Um. On re-reading, my response to ikrase is pretty incoherent. D’oh. To try again:
A certain population of men is noticing a problem, and trying to solve that problem. The first attempted solution makes members of the population very unhappy, and doesn’t seem to solve the problem.
I read your original comment as saying that we should stop trying to highlight the problem to those men because it will cause more people to try to implement the failed solution. Instead, I suggest we should identify what is wrong with the attempted solution.
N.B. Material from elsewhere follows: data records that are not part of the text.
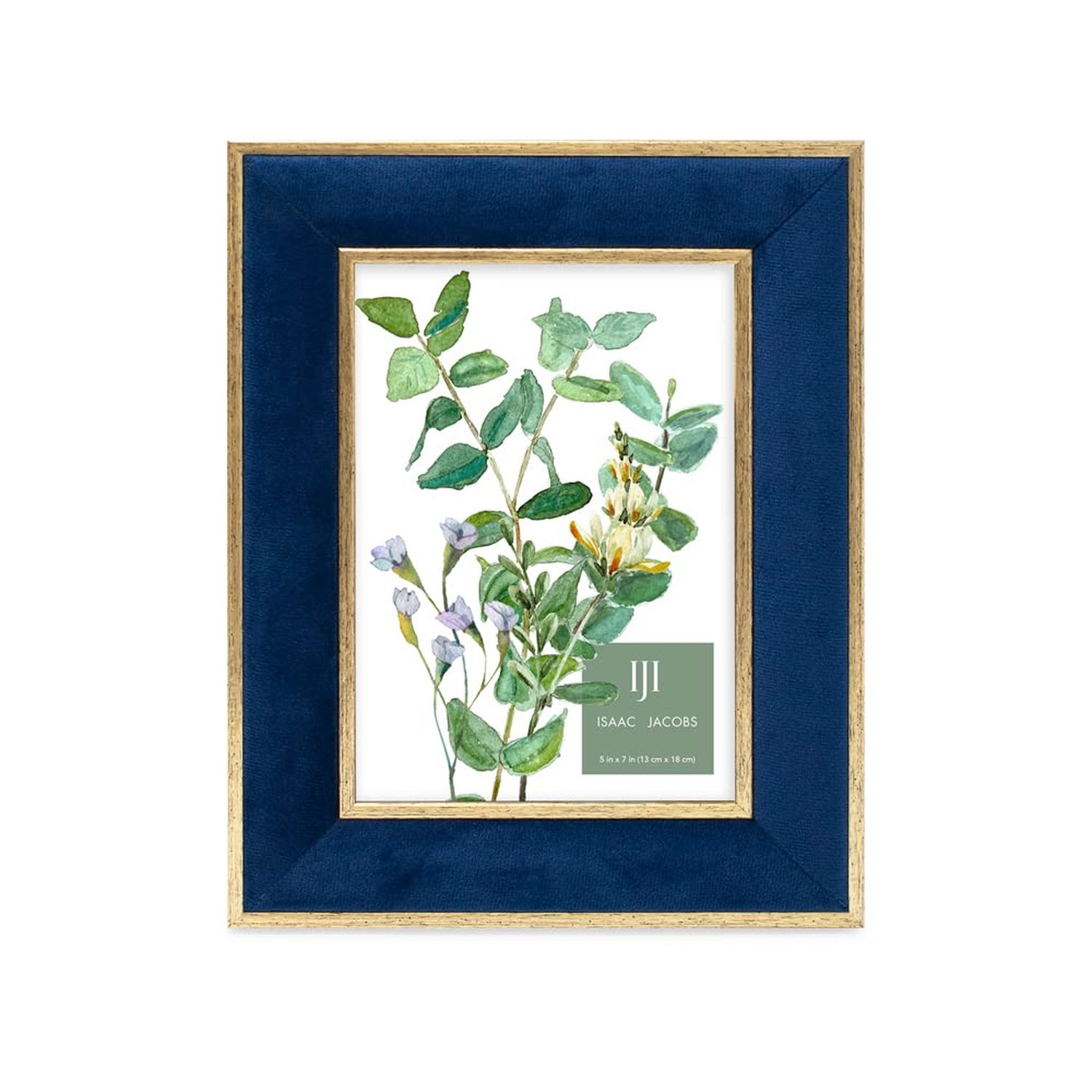 Isaac Jacobs 5x7 Navy Velvet Picture Frame with Metallic Gold Double Border, ...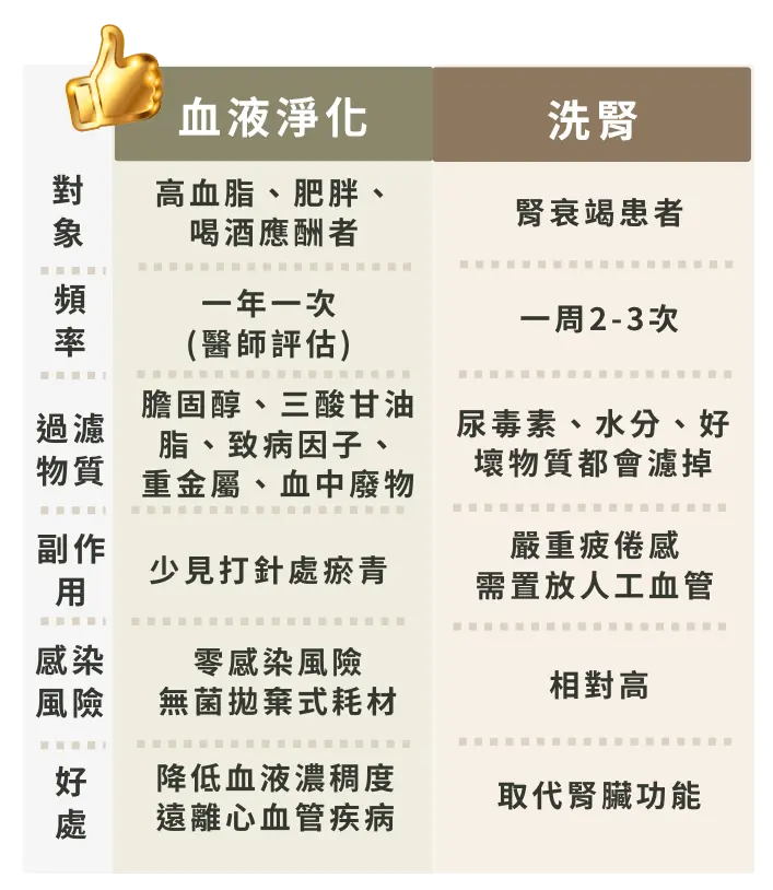 「血液淨化」效果顯著,一次清除50 % 以上:膽固醇、低密度脂蛋白、三酸甘油脂。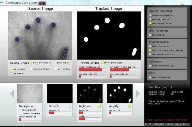 La configuración del software CCV debe ajustarse para obtener una imagen derecha seguida de sus extremidades del dedo (ver imagen de arriba).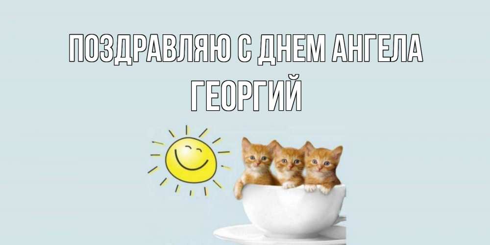 Открытка Поздравляю с днем Ангела Георгий. котята в кружке и солнце. котята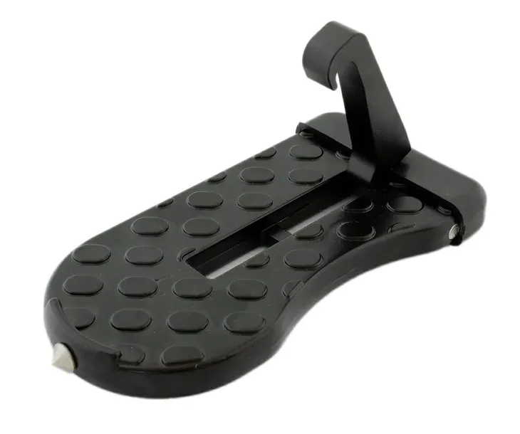 Uniwersalny, aluminiowy podest samochodowy. Doskonale sprawdzi się jako dodatkowy stopień, który ułatwi montaż i załadunek górnego bagażnika bądź dostanie się na dach pojazdu. Prosty i wygodny montaż na element zamka drzwi w karoserii auta. Uchwyt został zabezpieczony specjalną pianką, co uniemożliwia zarysowanie karoserii. Wzmocniona budowa zapewnia udźwig aż do 120 kg. Specjalna faktura na powierzchni zapewnia antypoślizgowość i zapobiega przypadkowym upadkom. Na froncie podestu znalazł się zbijak do szyb przydatny w kryzysowych sytuacjach.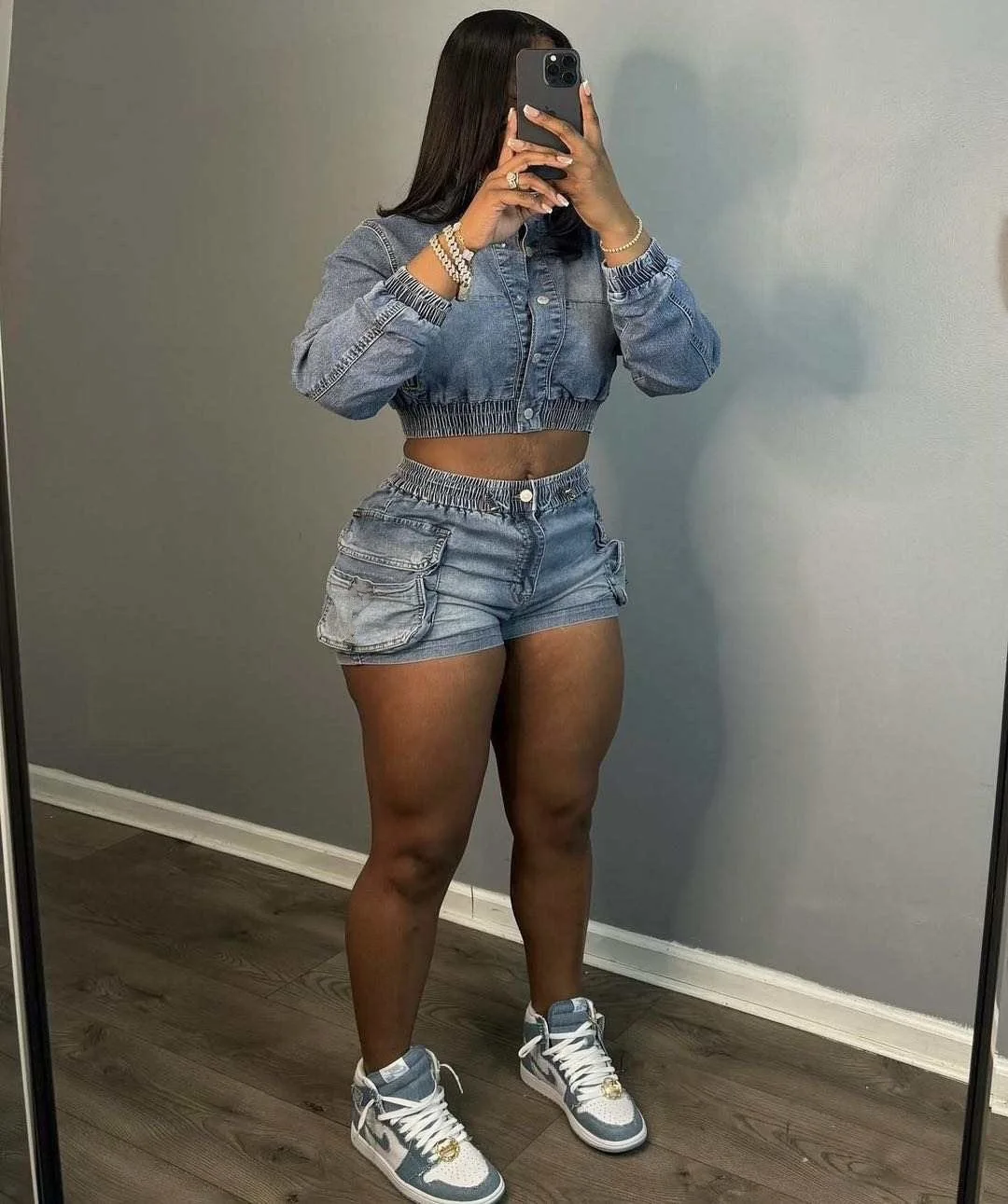 Crafted with care, this set includes a stylish matching top and comfortable shorts, tailored for fashion-forward women who appreciate details. Made from premium quality denim, the shorts offer the durability you need while embracing a soft, comfortable fit. The multi-pocket design is not just a fashionable statement – it allows you to carry essentials effortlessly, making it as functional as it is stylish. Perfect for getting through your day while keeping everything you need within reach.
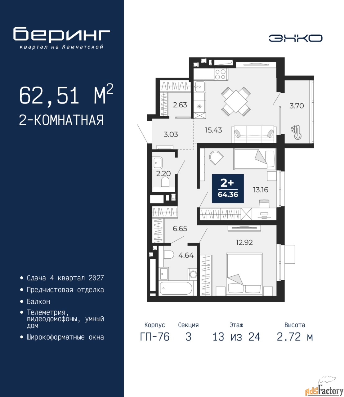 Дом монолитный, черырехподъездный, переменной этажности, от 19 до 24 этажей. Квартира находится в 3-й секции высотой 24 этажа в корпусе ГП-76. На этаже 6 квартир. В подъезде 1 пассажирский и 1 грузовой лифт. Окончание строительства - 4 квартал 2027 года. Оформление сделки по договору долевого участия.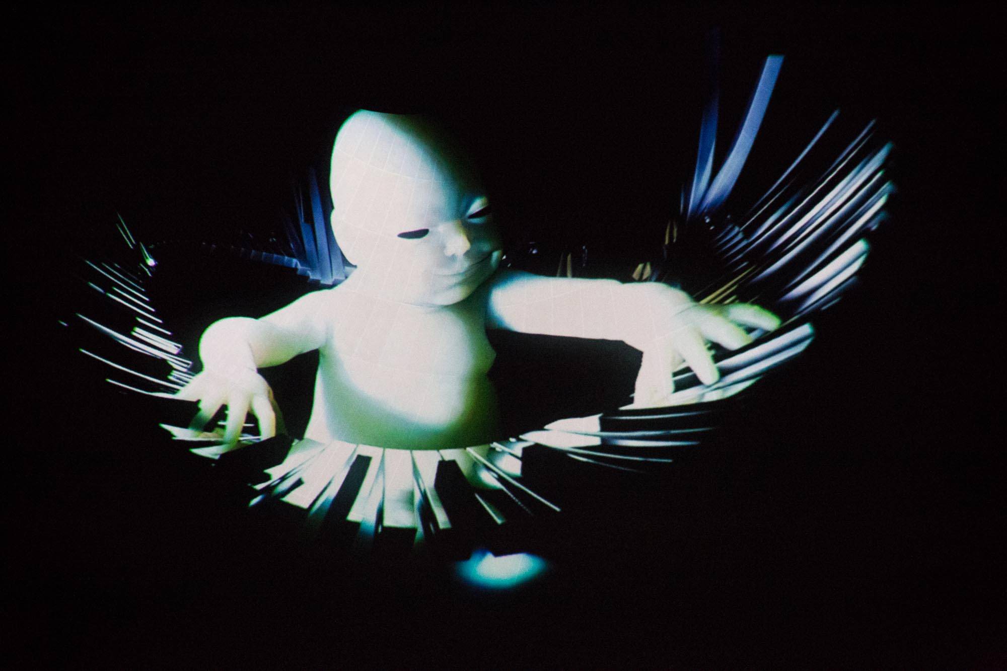 Jesse Bru as seen through Chimerik’s visualization at New Forms Festival, Vancouver, Sept. 19th 2014. Kirk Chantraine photo.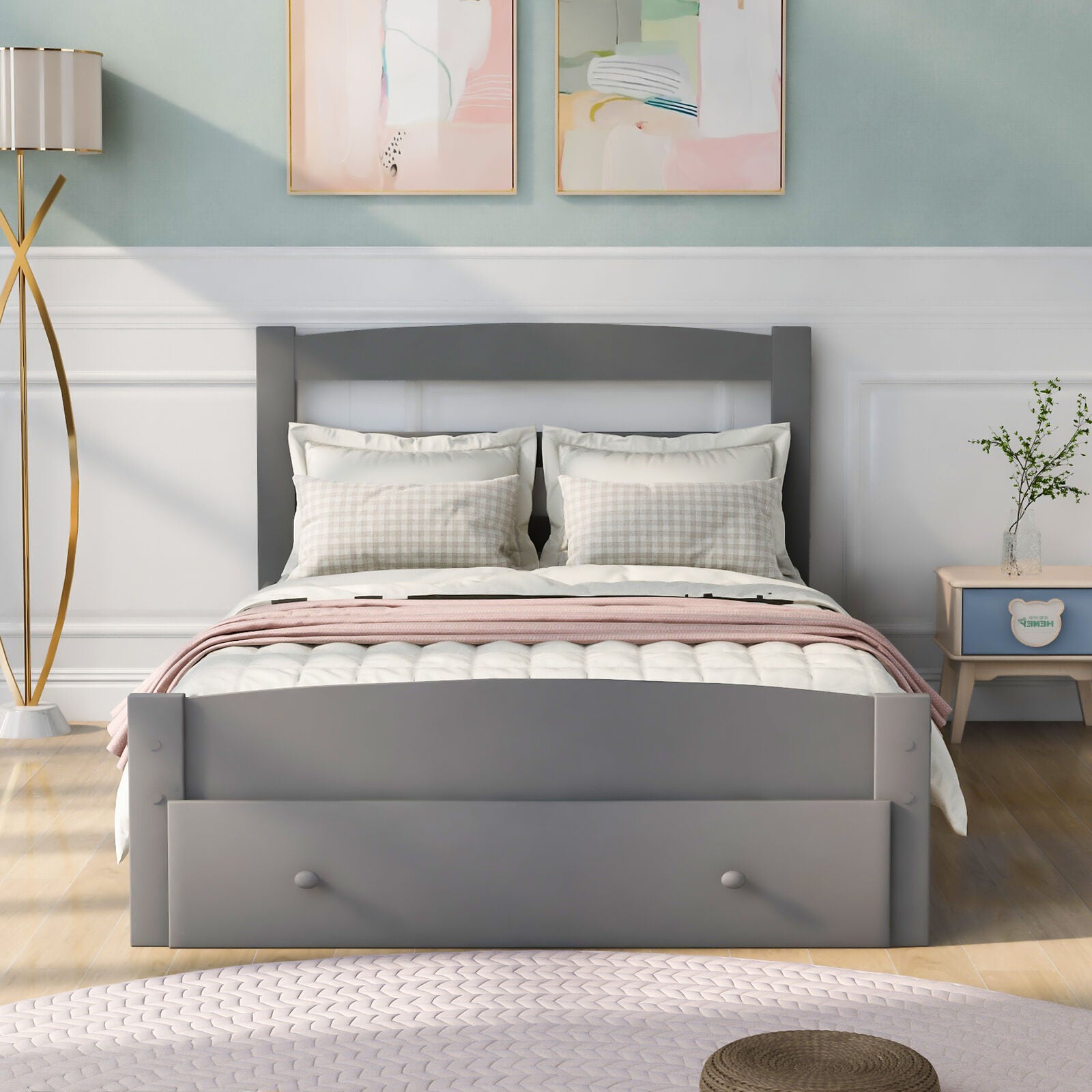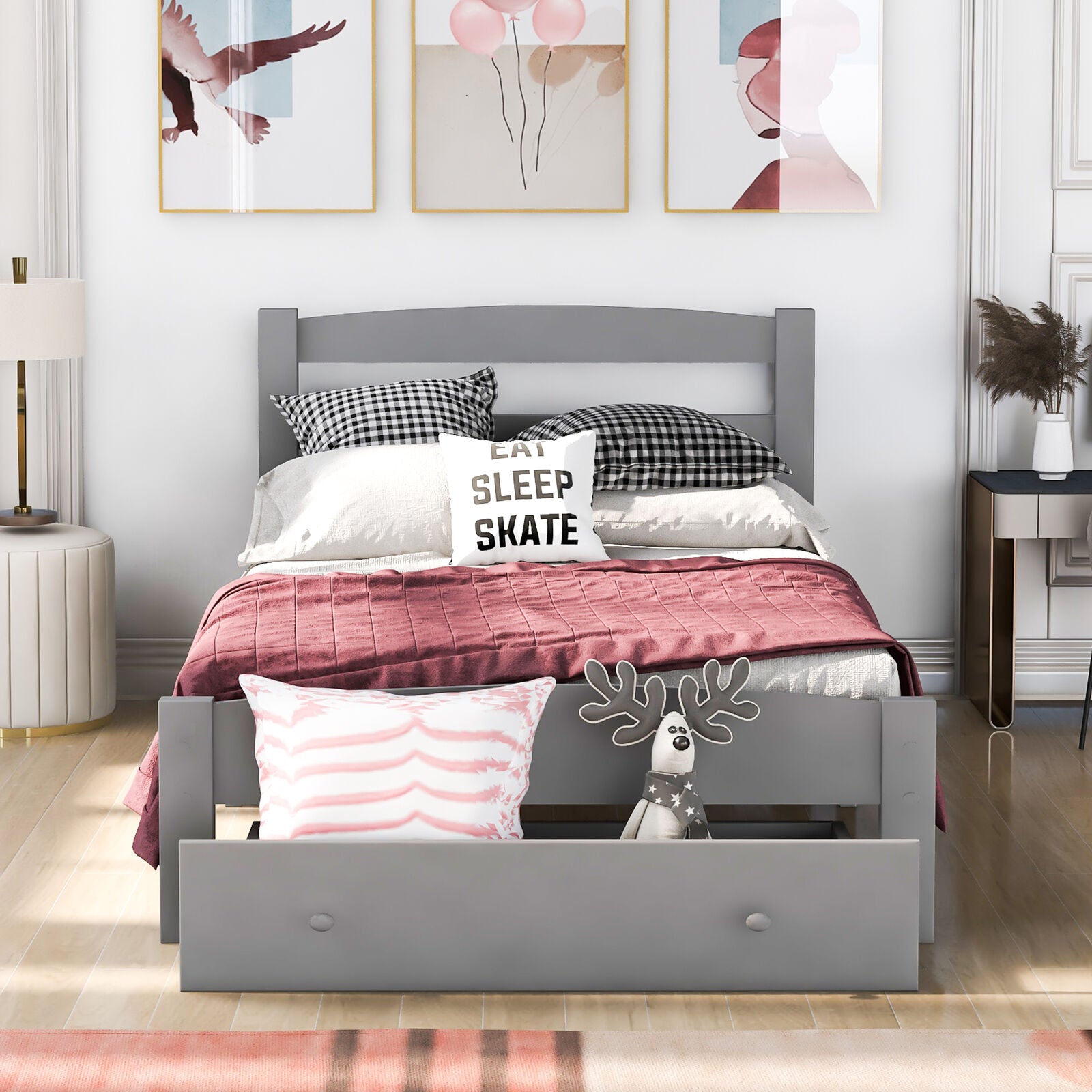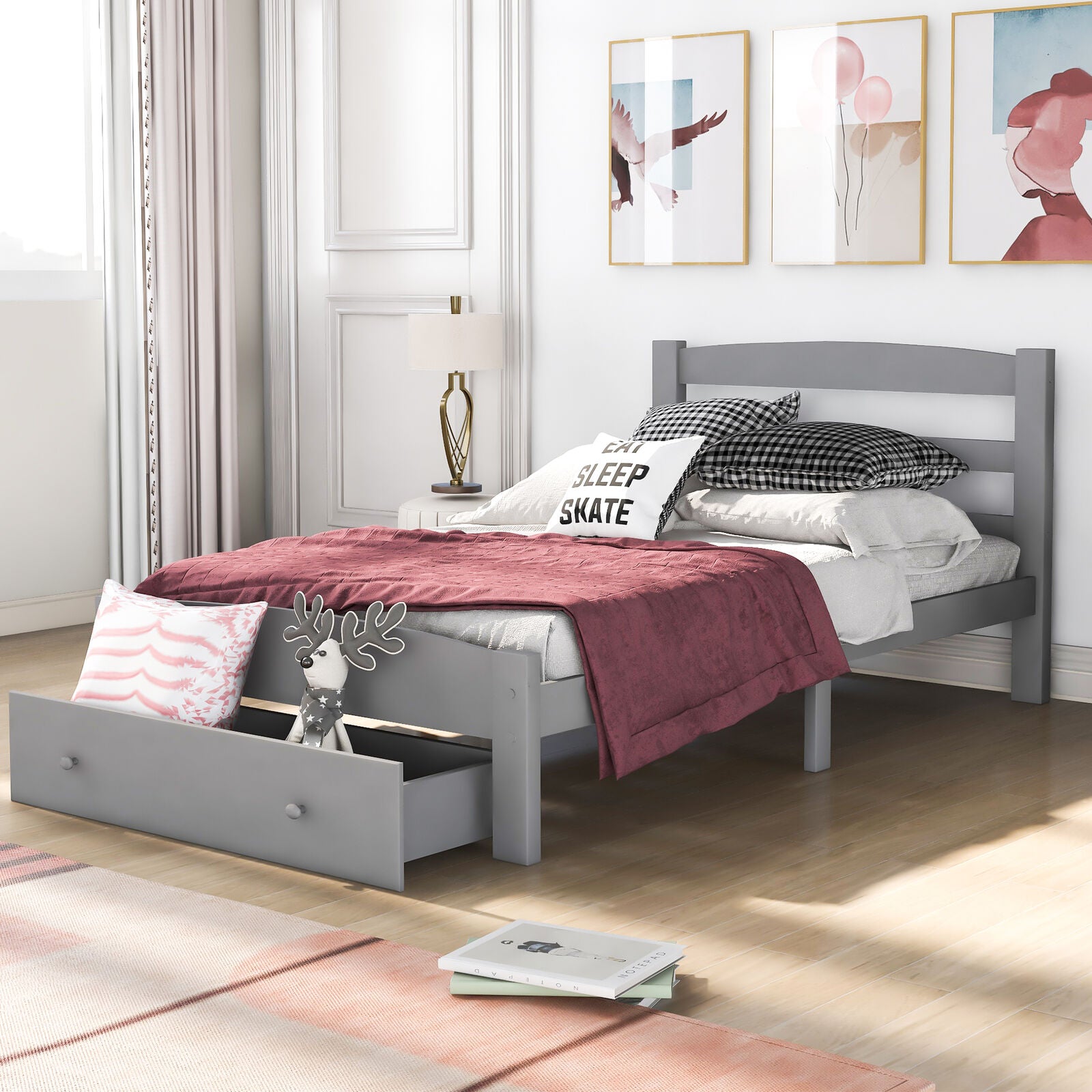 3FT SINGLE SIZE WOODEN BED WITH STORAGE DRAWER SOLID PINE WOOD BED FRAME GREY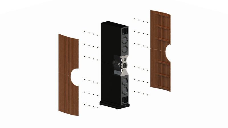 上述研究於是催生了揚聲器中央模組這個獨特設計,我們稱之為「窩巢」,特別用來安置中音與高音單體。「窩巢」由一整塊鋁合金銑削而成,與揚聲器的音箱分離,以避免多餘的能量從fenestria無比有力的低音單體和從傳輸線傳遞至「窩巢」,甚至影響「窩巢」裡其他單體的正常工作。這即是一個音箱結構體因應功能性而最適化的最佳典範。fenesria音箱的抗振材料本身亦被確實固定住,以降低多餘震動。
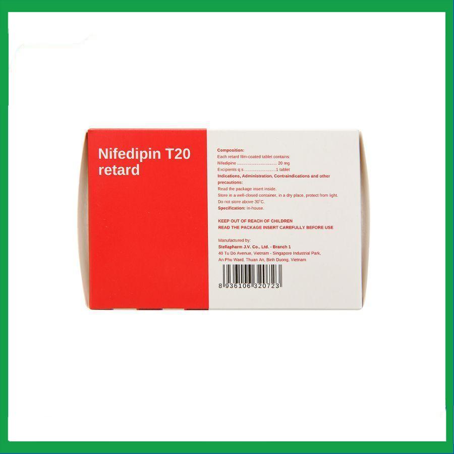 Thuốc Nifedipin T20 Retard là sản phẩm của Stellapharm, thành phần chính là nifedipine. Nifedipin T20 retard có tác dụng dự phòng đau thắt ngực, đặc biệt khi có yếu tố co mạch như trong đau thắt ngực kiểu Prinzmetal; điều trị tăng huyết áp.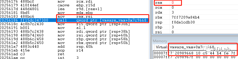 ´Ósub_140572A70×îÖÕÖ´Ðе½sub_1400960C0£¬µÖ´ïÈçÏÂλÖý«vmware_vmx+0xb1ed90´¦µÄÖµ¸³¸øÁËrsi£¬¼´Îª0¡£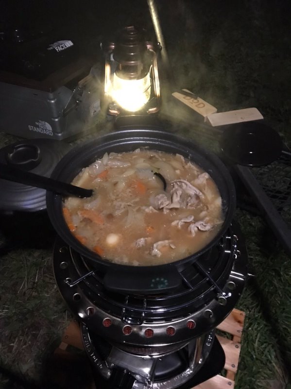 炭火でさんまを焼いたりストーブで豚汁を作りました。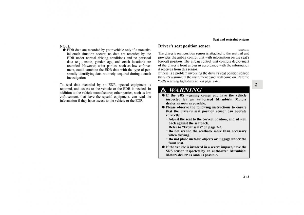 information if they have access to the vehicle or the EDR. inspected by an authorized Mitsubishi Motors

To cash that out explicitly: Some folks are treating their social deficits as an inherent trait, similar to a grotesque deformity on one side of their face. Their response is to try to hide the deficit, as if they were turning their head so that the deformity doesn’t show. But that solution is very uncomfortable, because it effectively denies a part of their life (sexual desire) actually exists. Thus, it’s a really bad solution. Instead, folks with social deficits should recognize socializing is a skill, which can be improved with practice.
Not worrying about the existence of creepy behavior just allows actual creeps to hide in the tall grass of people who aren’t creepy but don’t care about creepiness. There’s nothing wrong with worrying about coming off as creepy, any more than there is something wrong with worrying about making some other bad impression. That worry will affect what sorts of things one does to practice social skills, but is not a reason to abandon social skills improvement.
Negative self-talk of the form “I’m bad at socializing, so there’s no way that practice will make me better” is JerkBrain talk, and can be safely ignored. Emotionally, it’s really hard to deal with negative self-talk, but that is incredibly weak evidence that the negative self-talk is true.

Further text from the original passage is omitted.